▶ _PROBLEM STATEMENT_
The data below holds the lines to copy: everything from the line containing "为了进一步加强我院团学干部队" to the line containing "музей — локомотив", both ends included, set down exactly.

▶ _MATERIALS PROVIDED_
※

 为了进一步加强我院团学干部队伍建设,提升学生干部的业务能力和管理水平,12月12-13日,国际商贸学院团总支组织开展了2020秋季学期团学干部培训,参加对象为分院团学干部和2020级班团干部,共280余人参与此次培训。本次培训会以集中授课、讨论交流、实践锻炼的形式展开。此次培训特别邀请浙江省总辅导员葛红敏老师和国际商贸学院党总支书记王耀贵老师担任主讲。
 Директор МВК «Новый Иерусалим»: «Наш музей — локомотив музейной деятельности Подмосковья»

※

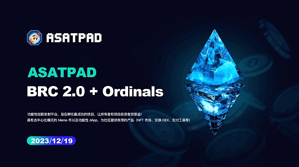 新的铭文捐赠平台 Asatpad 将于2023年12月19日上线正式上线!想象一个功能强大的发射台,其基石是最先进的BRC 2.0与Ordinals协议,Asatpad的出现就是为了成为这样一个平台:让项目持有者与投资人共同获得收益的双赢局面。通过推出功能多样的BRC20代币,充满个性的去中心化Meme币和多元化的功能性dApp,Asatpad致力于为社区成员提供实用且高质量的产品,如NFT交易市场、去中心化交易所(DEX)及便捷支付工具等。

※

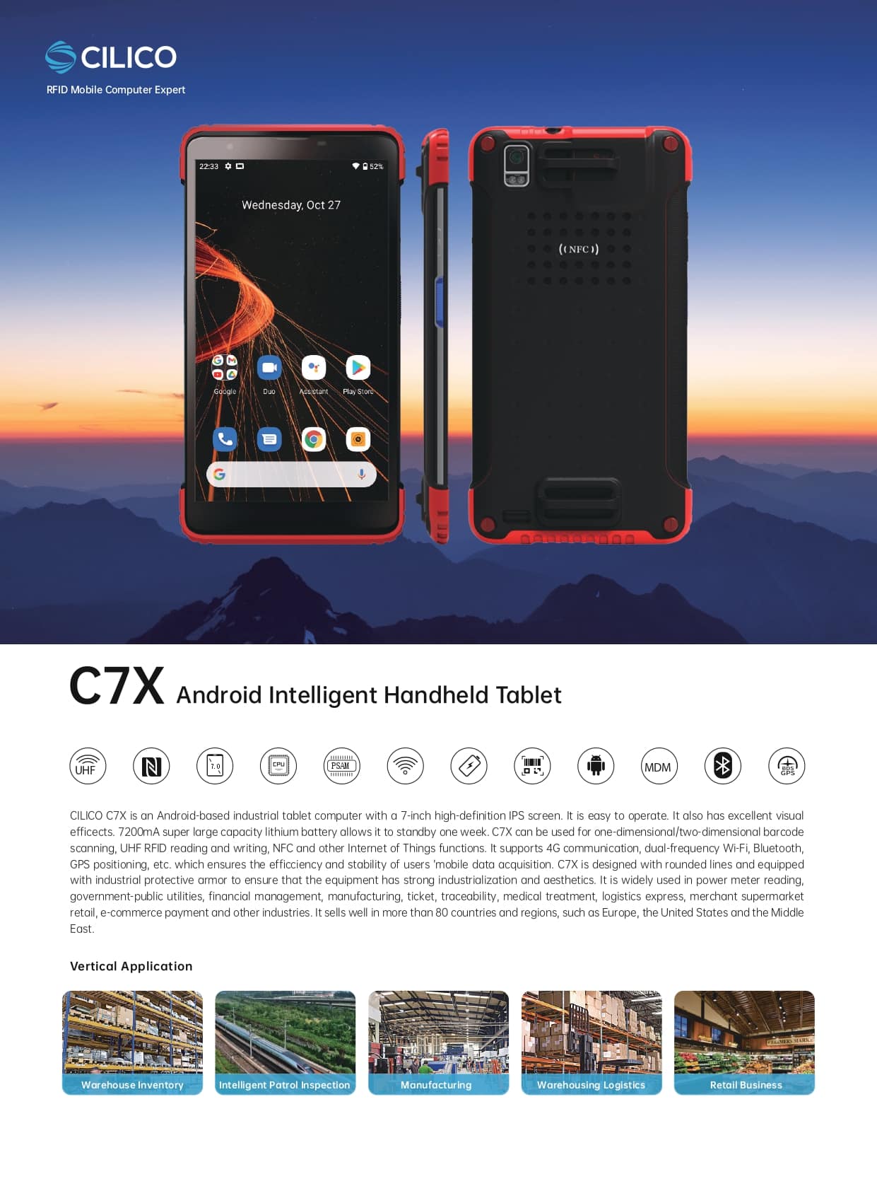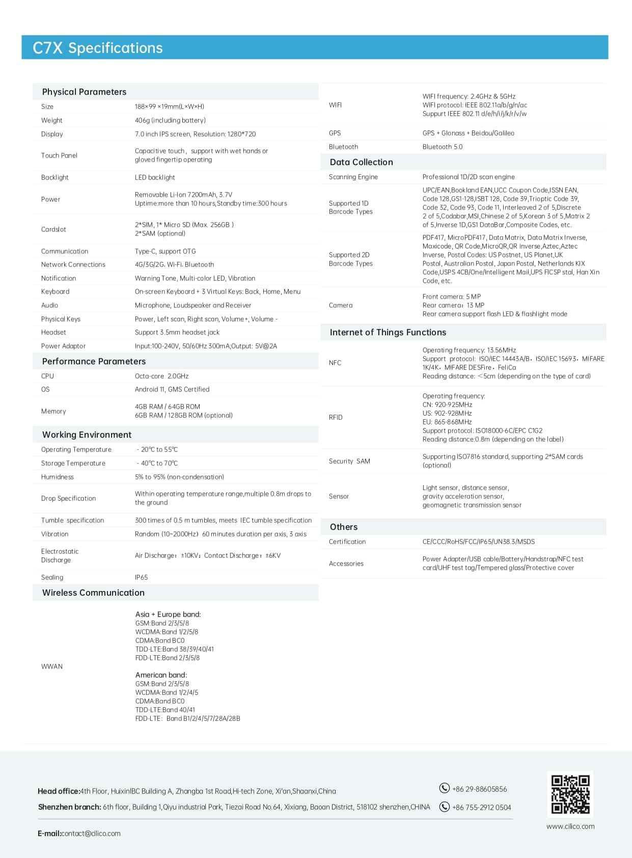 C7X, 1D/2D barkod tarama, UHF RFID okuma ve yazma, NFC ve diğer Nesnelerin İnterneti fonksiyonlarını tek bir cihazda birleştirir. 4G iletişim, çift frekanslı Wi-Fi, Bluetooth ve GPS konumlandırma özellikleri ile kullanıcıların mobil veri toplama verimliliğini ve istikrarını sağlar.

※

▶ _RESPONSE TO THIS EXERCISE_
 为了进一步加强我院团学干部队伍建设,提升学生干部的业务能力和管理水平,12月12-13日,国际商贸学院团总支组织开展了2020秋季学期团学干部培训,参加对象为分院团学干部和2020级班团干部,共280余人参与此次培训。本次培训会以集中授课、讨论交流、实践锻炼的形式展开。此次培训特别邀请浙江省总辅导员葛红敏老师和国际商贸学院党总支书记王耀贵老师担任主讲。
 Директор МВК «Новый Иерусалим»: «Наш музей — локомотив музейной деятельности Подмосковья»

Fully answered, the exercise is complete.